[[ Task data, beginning ]]
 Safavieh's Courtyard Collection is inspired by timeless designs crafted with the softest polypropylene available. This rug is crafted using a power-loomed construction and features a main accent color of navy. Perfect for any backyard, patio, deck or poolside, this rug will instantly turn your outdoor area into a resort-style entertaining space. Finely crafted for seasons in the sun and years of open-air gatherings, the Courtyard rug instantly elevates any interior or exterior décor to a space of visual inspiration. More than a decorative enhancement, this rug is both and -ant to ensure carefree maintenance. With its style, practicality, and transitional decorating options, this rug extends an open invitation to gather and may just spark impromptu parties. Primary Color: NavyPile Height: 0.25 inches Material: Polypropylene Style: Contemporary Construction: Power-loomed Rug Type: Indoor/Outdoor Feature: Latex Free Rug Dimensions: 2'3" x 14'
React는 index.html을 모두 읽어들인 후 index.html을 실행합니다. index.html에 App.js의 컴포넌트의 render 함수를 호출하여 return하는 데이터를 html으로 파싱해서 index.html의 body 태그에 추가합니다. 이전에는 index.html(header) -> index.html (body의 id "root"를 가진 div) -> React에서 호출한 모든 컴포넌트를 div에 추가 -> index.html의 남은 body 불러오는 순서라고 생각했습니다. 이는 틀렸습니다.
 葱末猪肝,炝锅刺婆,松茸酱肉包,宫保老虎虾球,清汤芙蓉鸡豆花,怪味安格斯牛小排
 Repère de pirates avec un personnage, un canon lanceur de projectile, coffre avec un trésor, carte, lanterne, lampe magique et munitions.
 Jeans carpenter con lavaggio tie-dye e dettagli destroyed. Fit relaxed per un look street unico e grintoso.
[[ Task data, end ]]
» **Your objective**
Every record above must be repeated word for word.

» **Expected output**
 Safavieh's Courtyard Collection is inspired by timeless designs crafted with the softest polypropylene available. This rug is crafted using a power-loomed construction and features a main accent color of navy. Perfect for any backyard, patio, deck or poolside, this rug will instantly turn your outdoor area into a resort-style entertaining space. Finely crafted for seasons in the sun and years of open-air gatherings, the Courtyard rug instantly elevates any interior or exterior décor to a space of visual inspiration. More than a decorative enhancement, this rug is both and -ant to ensure carefree maintenance. With its style, practicality, and transitional decorating options, this rug extends an open invitation to gather and may just spark impromptu parties. Primary Color: NavyPile Height: 0.25 inches Material: Polypropylene Style: Contemporary Construction: Power-loomed Rug Type: Indoor/Outdoor Feature: Latex Free Rug Dimensions: 2'3" x 14'
React는 index.html을 모두 읽어들인 후 index.html을 실행합니다. index.html에 App.js의 컴포넌트의 render 함수를 호출하여 return하는 데이터를 html으로 파싱해서 index.html의 body 태그에 추가합니다. 이전에는 index.html(header) -> index.html (body의 id "root"를 가진 div) -> React에서 호출한 모든 컴포넌트를 div에 추가 -> index.html의 남은 body 불러오는 순서라고 생각했습니다. 이는 틀렸습니다.
 葱末猪肝,炝锅刺婆,松茸酱肉包,宫保老虎虾球,清汤芙蓉鸡豆花,怪味安格斯牛小排
 Repère de pirates avec un personnage, un canon lanceur de projectile, coffre avec un trésor, carte, lanterne, lampe magique et munitions.
 Jeans carpenter con lavaggio tie-dye e dettagli destroyed. Fit relaxed per un look street unico e grintoso.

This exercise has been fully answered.